How many times do we say things in anger and haste not realizing that the affects of our words may scar others? We must think before we act and choose our words carefully. The person who said, "sticks and stones may break my bones, but words will never hurt me" must have been living in a fantasy world! Words are a powerful tool. They can hurt as much as a physcial blow or even more, depending on who delivers that blow.
It is even worse when you fight with a love one! There's a saying "You'll always be my best friend. You know too much!" We may giggle over it but it holds alot of truth. Your loved ones are the ones who know you best - your good times, bad experiences and deep dark secrets. This is what creates the problem.
When you have an argument with a loved one, there is a tendency to pick on those deep dark secrets and throw it back to their face. It is not because you have a malicious intent but you just want them to hurt as much as they've hurt you, and in doing so, you may say something that you will live to regret and eventhough you may apologise for saying it, the damage is done. You can never take back those words once they leave your mouth.
This could cause a mistrust to form between you and that loved one. They may never ever trust you again, and worse case scenario...they may decide to sever all ties with you. After all, what kind of relationship let alone friendship can there be if there is NO trust...

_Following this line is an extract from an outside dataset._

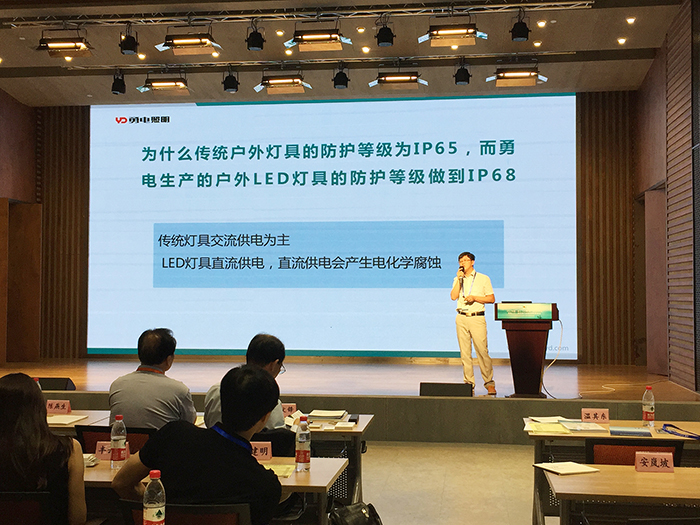 勇電大功率系列LED燈具內(nèi)置二次封裝模塊光源,可以組成不同形狀不同用途的大功率LED燈具如線條燈、洗墻燈等,耐溫200℃以上的防水封裝材料使得燈具的防塵、防水達(dá)到IP68等級(jí)。李總監(jiān)在現(xiàn)場(chǎng)通過與案例相結(jié)合講解了勇電大功率的防水性能在不同場(chǎng)合的應(yīng)用。

So next time you're having an argument with a loved one, walk away if you don't think you can hold your temper or more importantly...your tongue. Go have a smoke... or get some fresh air...or whatever you need to do to clear your head. Do NOT attempt to try and resolve the issue whilst your still a hot head...because all you're going to end up doing is make things worse...or create ANOTHER problem. Take the time to cool off...even if it means not talking for one or two days before you regroup to settle the matter at hand.
It may just be the thing to help save your relationship/friendship.